> **WHAT THE EXERCISE ASKS**: Everything in the records except the pictures needs to be printed again exactly.

> **DATA FOR THE TASK**:
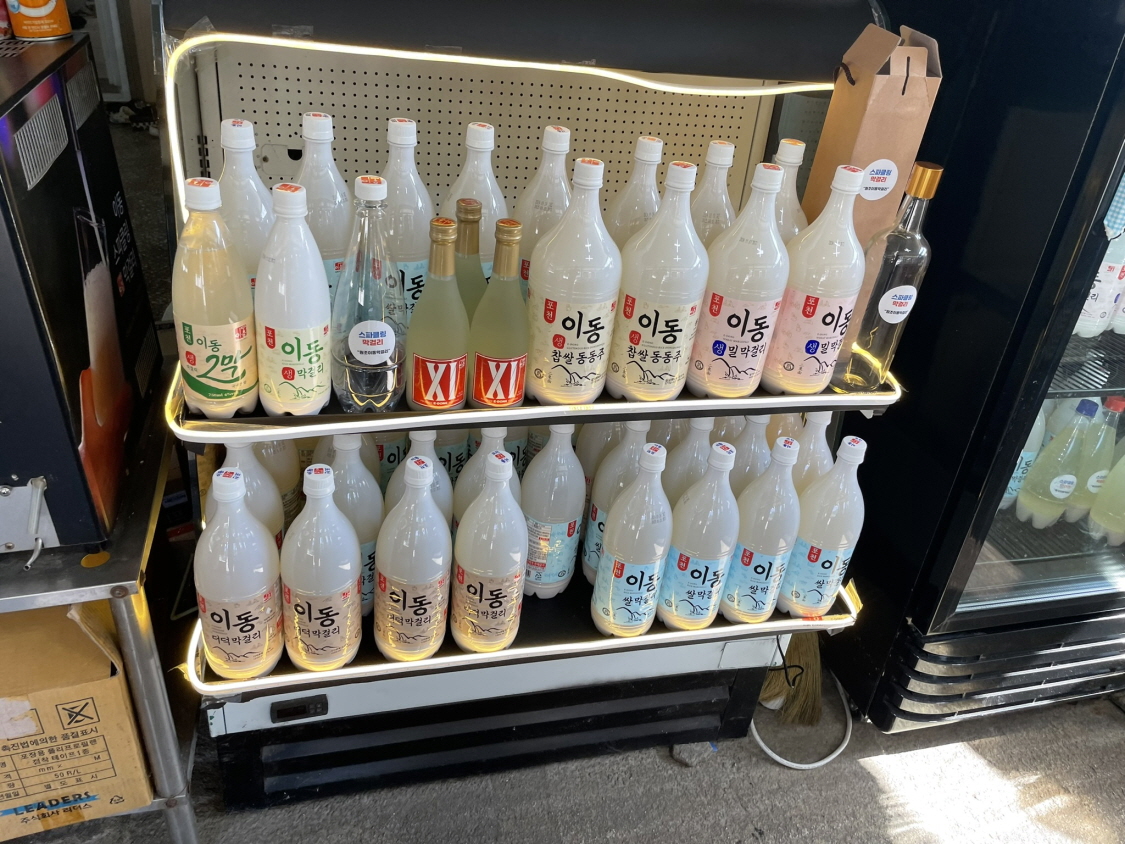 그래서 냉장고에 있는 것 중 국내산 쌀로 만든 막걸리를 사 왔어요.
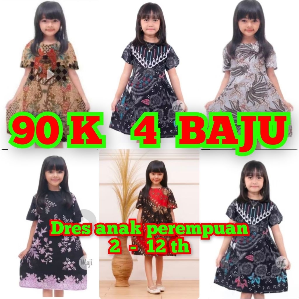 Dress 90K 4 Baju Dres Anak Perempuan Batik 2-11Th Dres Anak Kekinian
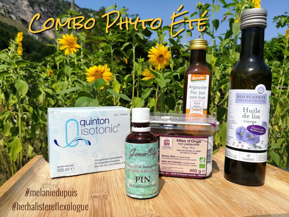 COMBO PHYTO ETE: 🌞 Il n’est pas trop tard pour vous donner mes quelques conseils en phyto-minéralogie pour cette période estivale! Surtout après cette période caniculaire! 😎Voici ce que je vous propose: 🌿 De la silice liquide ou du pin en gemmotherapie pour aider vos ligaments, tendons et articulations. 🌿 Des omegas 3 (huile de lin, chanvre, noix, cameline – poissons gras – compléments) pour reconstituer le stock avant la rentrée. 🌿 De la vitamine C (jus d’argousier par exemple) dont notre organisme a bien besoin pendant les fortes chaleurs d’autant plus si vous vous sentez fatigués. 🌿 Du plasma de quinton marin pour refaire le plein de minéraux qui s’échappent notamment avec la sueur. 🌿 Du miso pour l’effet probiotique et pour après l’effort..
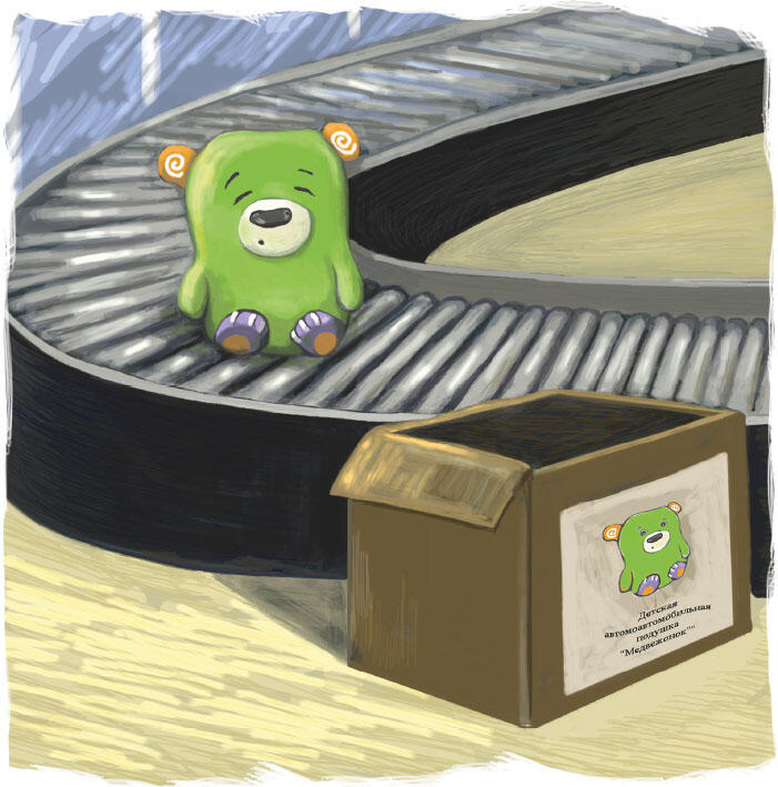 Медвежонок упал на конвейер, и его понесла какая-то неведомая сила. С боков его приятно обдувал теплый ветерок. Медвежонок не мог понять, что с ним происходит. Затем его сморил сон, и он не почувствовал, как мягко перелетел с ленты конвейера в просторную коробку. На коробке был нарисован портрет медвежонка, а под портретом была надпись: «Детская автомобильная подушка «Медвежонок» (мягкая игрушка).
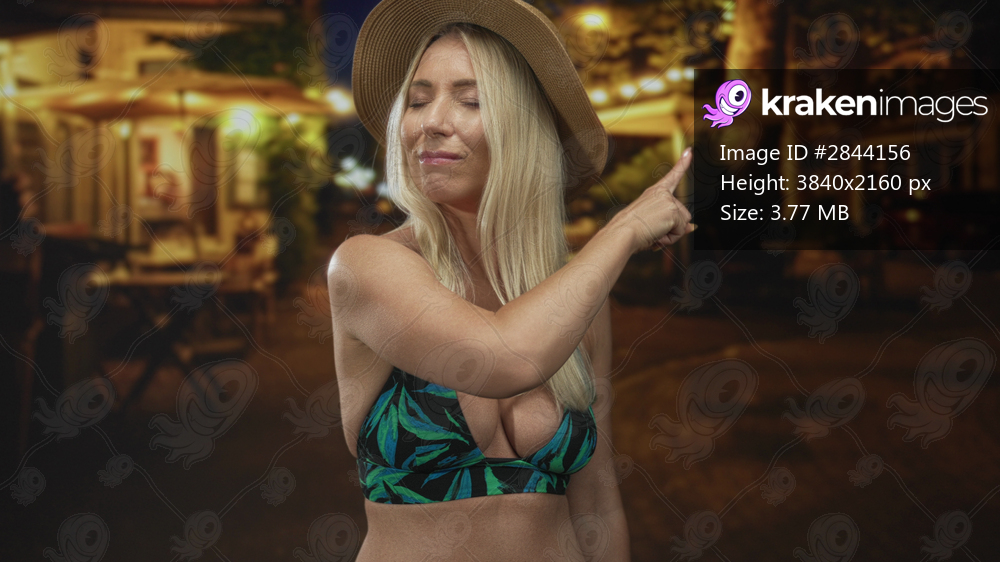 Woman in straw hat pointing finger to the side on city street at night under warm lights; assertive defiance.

> **EXERCISE RESPONSE**:
 그래서 냉장고에 있는 것 중 국내산 쌀로 만든 막걸리를 사 왔어요.
 Dress 90K 4 Baju Dres Anak Perempuan Batik 2-11Th Dres Anak Kekinian
 COMBO PHYTO ETE: 🌞 Il n’est pas trop tard pour vous donner mes quelques conseils en phyto-minéralogie pour cette période estivale! Surtout après cette période caniculaire! 😎Voici ce que je vous propose: 🌿 De la silice liquide ou du pin en gemmotherapie pour aider vos ligaments, tendons et articulations. 🌿 Des omegas 3 (huile de lin, chanvre, noix, cameline – poissons gras – compléments) pour reconstituer le stock avant la rentrée. 🌿 De la vitamine C (jus d’argousier par exemple) dont notre organisme a bien besoin pendant les fortes chaleurs d’autant plus si vous vous sentez fatigués. 🌿 Du plasma de quinton marin pour refaire le plein de minéraux qui s’échappent notamment avec la sueur. 🌿 Du miso pour l’effet probiotique et pour après l’effort..
 Медвежонок упал на конвейер, и его понесла какая-то неведомая сила. С боков его приятно обдувал теплый ветерок. Медвежонок не мог понять, что с ним происходит. Затем его сморил сон, и он не почувствовал, как мягко перелетел с ленты конвейера в просторную коробку. На коробке был нарисован портрет медвежонка, а под портретом была надпись: «Детская автомобильная подушка «Медвежонок» (мягкая игрушка).
 Woman in straw hat pointing finger to the side on city street at night under warm lights; assertive defiance.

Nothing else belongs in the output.